How do I append Mongo DB aggregation results to an existing collection?

Starting Mongo 4.2, the new $merge aggregation operator (similar to $out) allows merging the result of an aggregation pipeline into the specified collection:

Given this input:

db.source.insert([
  { "_id": "id_1", "a": 34 },
  { "_id": "id_3", "a": 38 },
  { "_id": "id_4", "a": 54 }
])
db.target.insert([
  { "_id": "id_1", "a": 12 },
  { "_id": "id_2", "a": 54 }
])

the $merge aggregation stage can be used as such:

db.source.aggregate([
  // { $whatever aggregation stage, for this example, we just keep records as is }
  { $merge: { into: "target" } }
])

to produce:

// > db.target.find()
{ "_id" : "id_1", "a" : 34 }
{ "_id" : "id_2", "a" : 54 }
{ "_id" : "id_3", "a" : 38 }
{ "_id" : "id_4", "a" : 54 }

Note that the $merge operator comes with many options to specify how to merge inserted records conflicting with existing records.

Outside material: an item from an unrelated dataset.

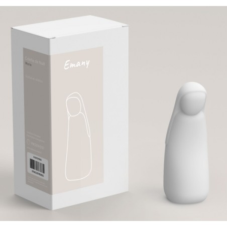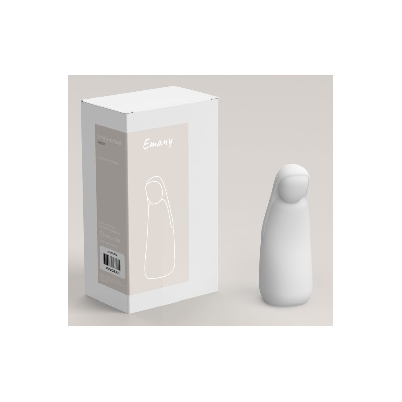 Sainte Marie, en albatre blanc. Simple et élégante, elle fait partie de la crèche Emany, une crèche moderne et minimaliste réalisée par un designer Français. Cette crèche contemporaine est composée de 12 santons : Marie, Joseph, Jésus, l'âne, le boeuf,
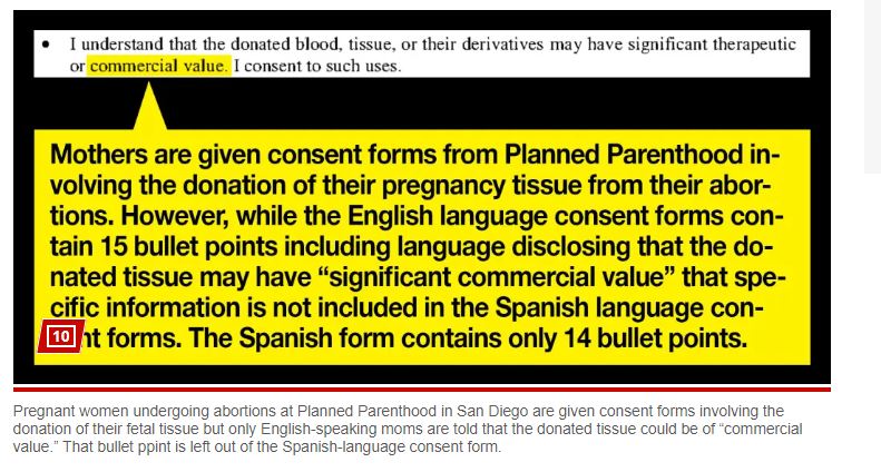 “I don’t understand why Planned Parenthood…. and UCSD felt that Spanish speaking mothers did not deserve to know that the body parts of their aborted children would be ‘commercialized” while English speaking mothers did deserve to have this fact disclosed to them,” Daleiden told The Post.

In this case (with the default options), this:

  • keeps the target collection's existing documents (this is the case of { "_id": "id_2", "a": 54 })

  • inserts documents from the output of the aggregation pipeline into the target collection when they are not already present (based on the _id - this is the case of { "_id" : "id_3", "a" : 38 })

  • replaces the target collection's records when the aggregation pipeline produces documents existing in the target collection (based on the _id - this is the case of { "_id": "id_1", "a": 12 } replaced by { "_id" : "id_1", "a" : 34 })


It's not the prettiest thing ever, but as another alternative syntax (from a post-processing archive/append operation)...

db.targetCollection.insertMany(db.runCommand(
{
    aggregate: "sourceCollection",
    pipeline: 
    [
        { $skip: 0 },
        { $limit: 5 },
        { 
            $project:
            {
                myObject: "$$ROOT",
                processedDate: { $add: [new ISODate(), 0] }
            }
        }
    ]
}).result)

I'm not sure how this stacks up against the forEach variant, but i find it more intuitive to read.


The short answer is "you can't":

If the collection specified by the $out operation already exists, then upon completion of the aggregation, the $out stage atomically replaces the existing collection with the new results collection. The $out operation does not change any indexes that existed on the previous collection. If the aggregation fails, the $out operation makes no changes to the pre-existing collection.

As a workaround, you can copy the collection document specified by $out to a "permanent" collection just after aggregation, in one of a several ways (non of which is ideal though):

  • copyTo() is the easiest, mind the Warning. Don't use other for small results.
  • Use JS: db.out.find().forEach(function(doc) {db.target.insert(doc)})
  • Use mongoexport / mongoimport